The fall is the perfect time to visit Harvard University when the leaves are aglow with amber and ruby hues, and the quadrangles are buzzing with students. Most travelers immediately think of Harvard Yard, but many hidden gems are tucked all over the campus that visitors can access without a student ID. What’s more, despite its prim and proper reputation, there are some surprising twists in the University’s traditions that are worth learning about and experiencing when you visit this centuries-old campus. Here are nine uniquely Harvard experiences and one event travelers might want to avoid.

10 Harvard Yard In Autumn

The place to start any Harvard tour, the Yard (as students affectionately know it), is the beating heart of the university. Dormitories circle the yard, enclosed by a wrought iron gate.
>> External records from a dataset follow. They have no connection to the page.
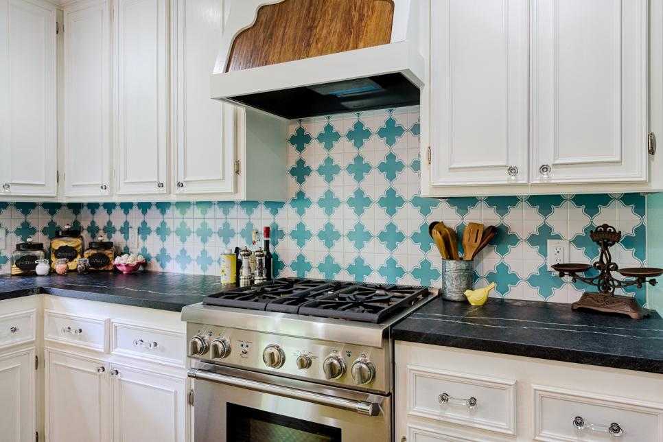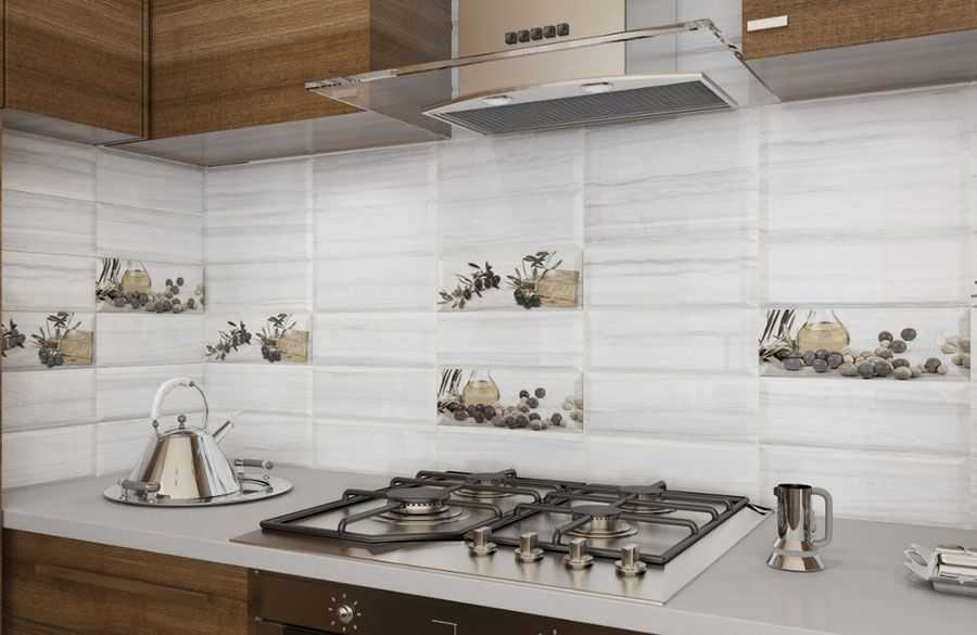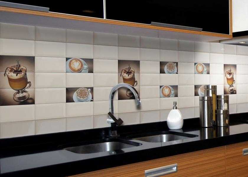Кроме самой традиционной плитки, для кухонных фартуков можно использовать декоративные вставки. Они также изготавливаются из керамики, но с растительным орнаментом, разными другими рисунками. Такие вставки сделаны в общей цветовой гамме с базовой керамической плиткой, но позволяют разбавить дизайн интересными акцентами. В качестве рисунков могут быть цветы, абстракция, городские пейзажи, буквы, надписи, силуэты и стилизованные кулинарные изображения.
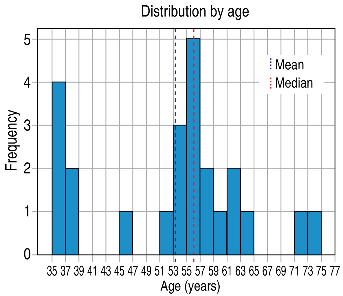 As a numerical variable, a descriptive statistical analysis was performed. The mean age at diagnosis was 53.2 years. The age range was from 35 years to 75 years at its upper limit. The most frequent age of presentation was 56 years, with five cases presented, which coincided with the statistical median and was also close to the average age. The standard deviation was 11.26 years. The second peak was 36 years, with four cases (Figure 2).
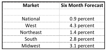 Here is a chart showing Clear Capital's six month house price appreciation forecast by region:
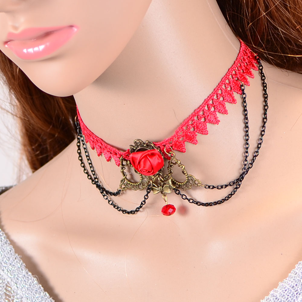 Undoubtedly, the most popular color for a lace choker is black. Openwork collar looks like a tattoo. This is a universal solution that fits any image. The black color for such a necklace is so popular that at the first mention the accessory appears in such a color version.
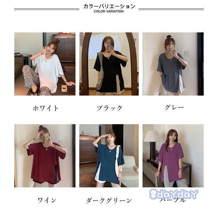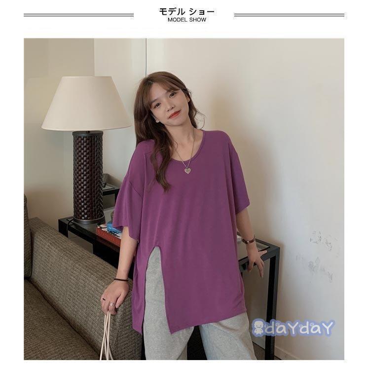 Tシャツ 半袖 ゆったり レディース トップス Tシャツ カットソー 通販 ホワイト ブラック グレー ワイン ダークグリーン パープル
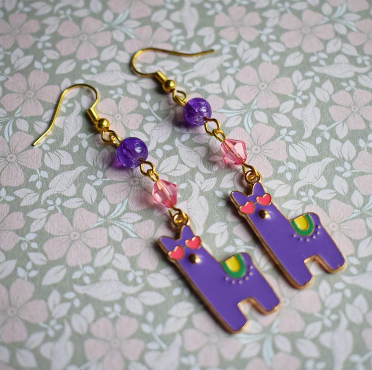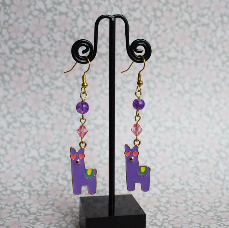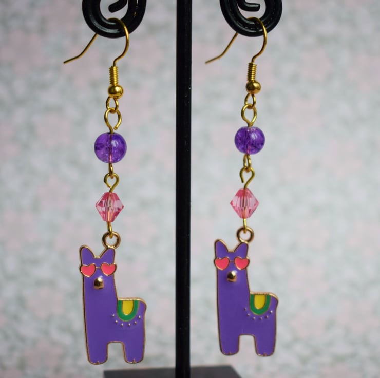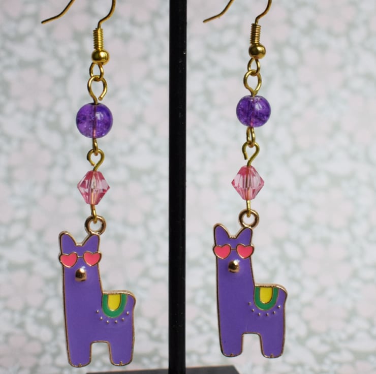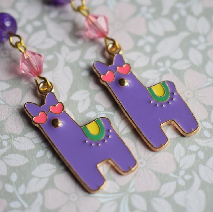 The lilac llamas with pink heart shaped eyes hang below pink acrylic and purple glass beads. The earwires are goldplated but you can also choose to swap these for clip on fittings if you don't have pierced ears.
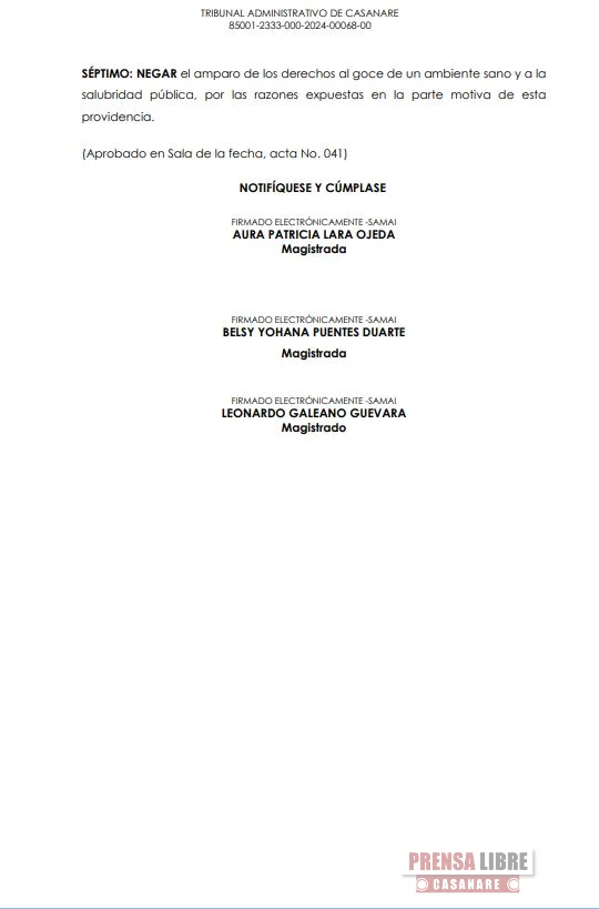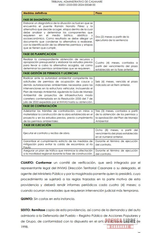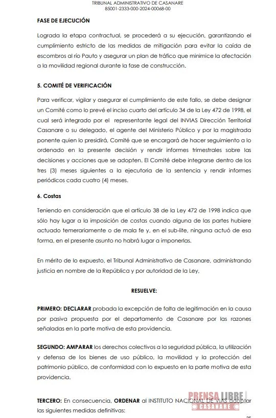 En el fallo también se determinó que el departamento de Casanare no es responsable directo de la situación, ya que el mantenimiento de esta infraestructura corresponde exclusivamente a Invías, al tratarse de una vía nacional. Sin embargo, se evidenció que la entidad no ha adelantado las acciones necesarias para una rehabilitación completa, pese a contar con estudios técnicos que advierten la gravedad del problema.

Some of Harvard’s 25 gates close in the evening, so travelers should enter and exit at The Class of 1875 Gate. Within the Yard are many historical buildings that are interesting in their own right. However, a trip to Harvard Yard should include time to meander the zigzagging paths and soak in the ambiance of youthful ambition and tradition. To identify the campus buildings, Harvard provides a free interactive map of the Campus.

Related: US News & World Report Releases List Of Top 1,500 Global Universities

9 A Titanic Connection

It is no secret that many buildings on Harvard’s campus are named for wealthy and influential people. The grand and sprawling Harry Elkins Widener Memorial Library is no different, but there is a tragic twist. Harry graduated from Harvard in 1907 and was an ardent book lover. The twenty-four-year-old was aboard the Titanic to sail to England to buy books for his large personal library at home. Coincidentally, the Widener family was hosting a lavish party for the ship’s captain on the night the Titanic sank. In memory of her son, Harry’s mother donated millions of dollars to Harvard to erect a massive library. After renovations and expansions over the years, Widener Library is a bibliophile paradise, with over 50 miles of bookshelves with a capacity of 3 million books.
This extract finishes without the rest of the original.